初診時に撮影したレントゲンではっきりしなくて、後で見つかる場合もあります。ですから、症状が続く場合は、数日〜一週間後に再度撮影します。

また通常のレントゲン撮影で発見が困難な骨折もあります。代表的なのが、手首の親指側にある舟状骨という小さな骨です。手のひらを強くぶつけたりして起きます。この骨折のやっかいなところは、見つけにくく、くっつきにくいことです。初めに診断がつかず偽関節(骨がくっつかないこと)の状態で見つかったりすることもあります。そうなると治療が大がかりになったりします(骨盤から骨を採って移植したり…)。

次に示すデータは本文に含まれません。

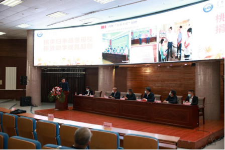 会上,金桩校长致辞,他深情回顾了学校育人的发展历程,介绍了学校整体发展情况,对区内外广大校友所取得的优秀业绩表示了祝贺,对校友不忘初心、反哺母校的行动给予了高度评价,特别是对此次校友企业内蒙古鸿雁慈善公益协会的捐资助学促就助创举动高度点赞。同时金校长强调了书记校长访企拓岗促就业专项行动的重大意义,对大学生就业创业工作中给予支持的包头市委市政府、社会各界表示了感谢并为进一步做好创业就业、资助及校友联络工作提出了明确要求。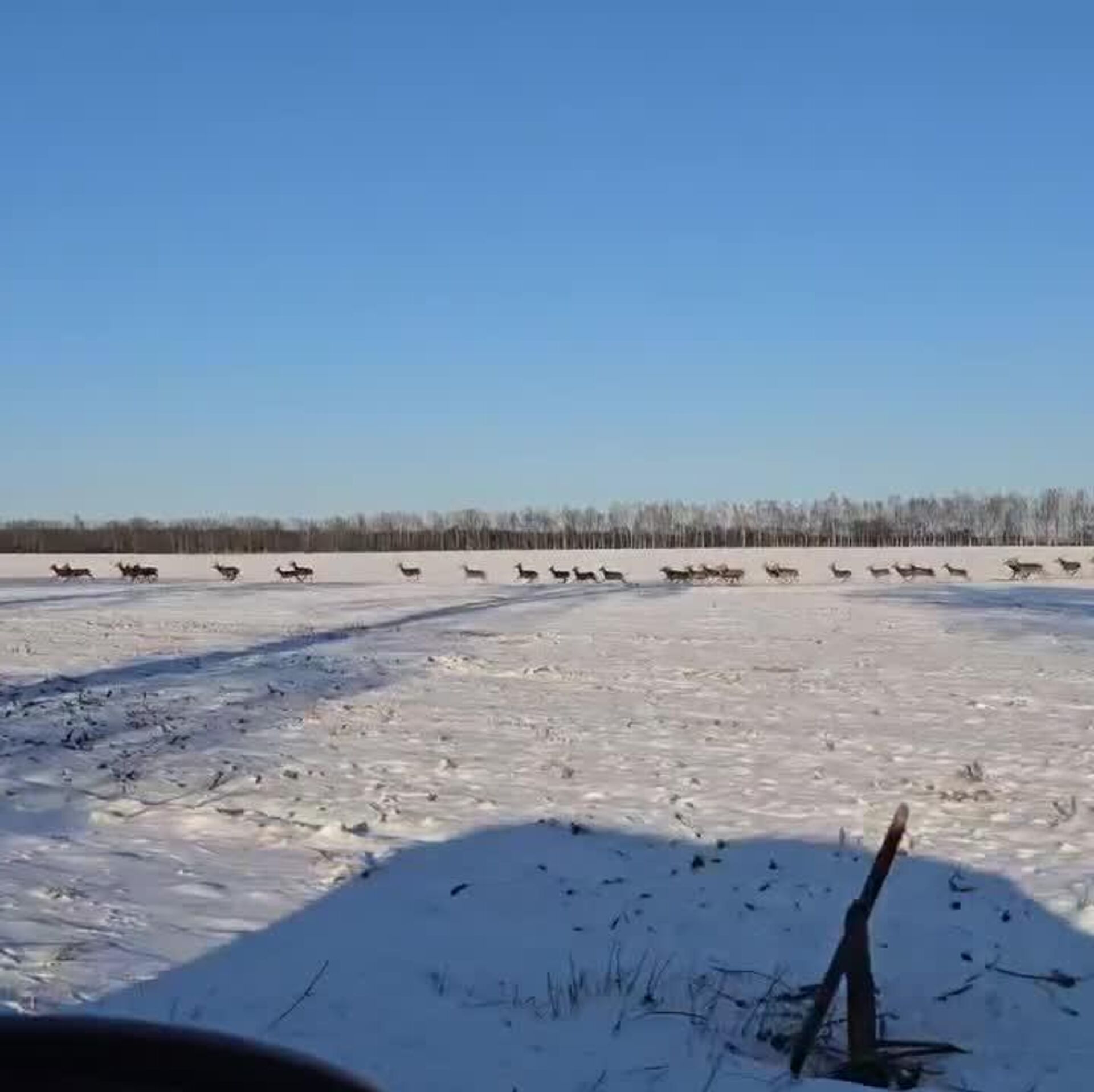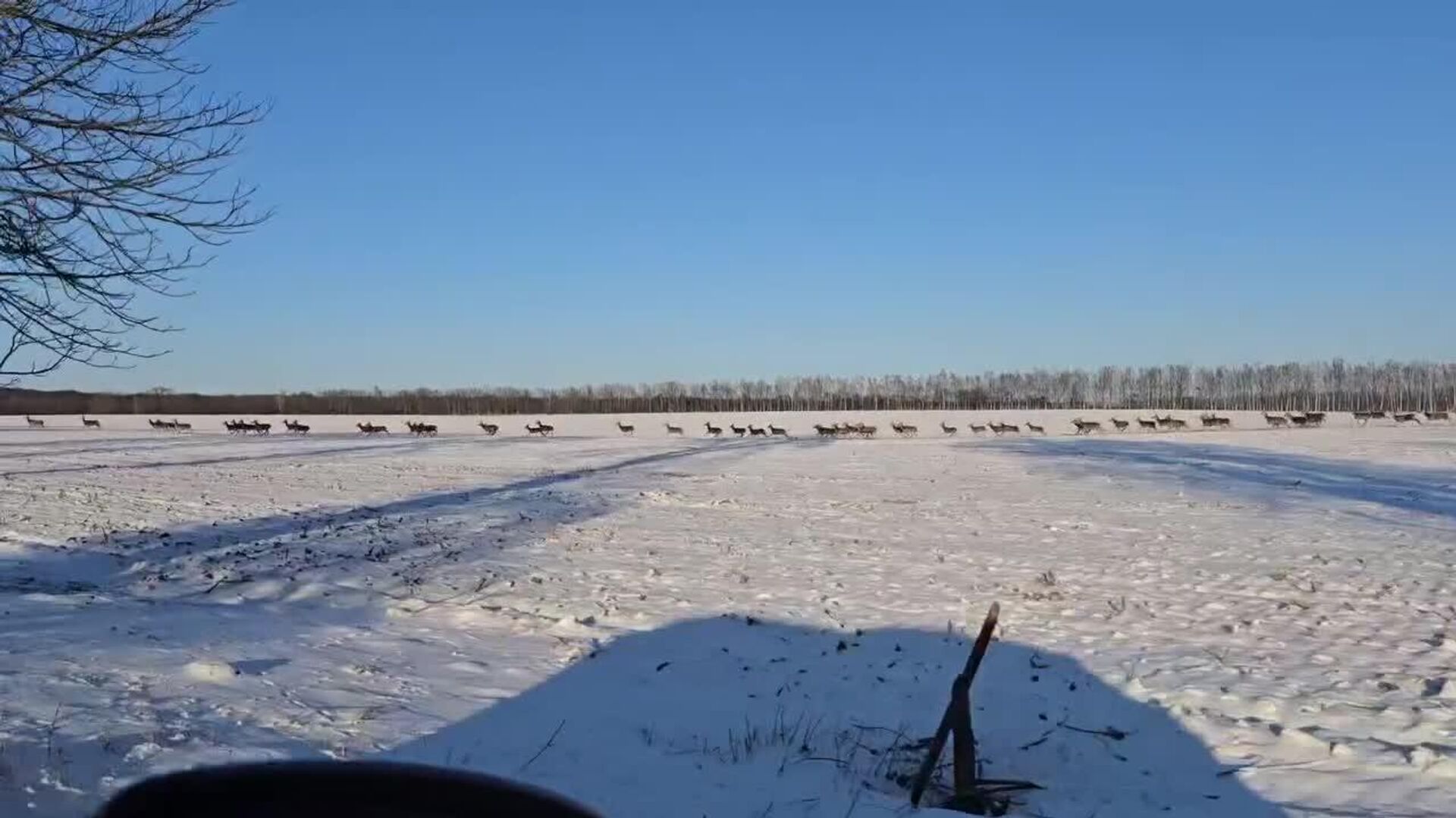 زیبایی طبیعت؛ گلهای از گوزنها در پارک ملی بزرگ پولند در شهر پازنان از سرک عبور میکنند

そのほか、手のひらの小指よりのところに有鉤骨というのがあり、その名のとおり手のひら側に向かって骨の一部がにょきっと鉤状に出っ張っています。手を強くついたり バットやゴルフクラブ、テニスラケットのグリップの際に強い衝撃が加わったりした後、痛みが続くときはこの部分の骨折の可能性があります。レントゲンでは見つけにくいためCT検査が必要です。この骨折は放置すると指を曲げる腱が切れることがあるので要注意です。

このように、遅れれば遅れるほど治療が困難になったり、また特殊なけがもあったりするので、小さいけがだからたいしたことないさーとは考えずに、早めの整形外科受診をお勧めします。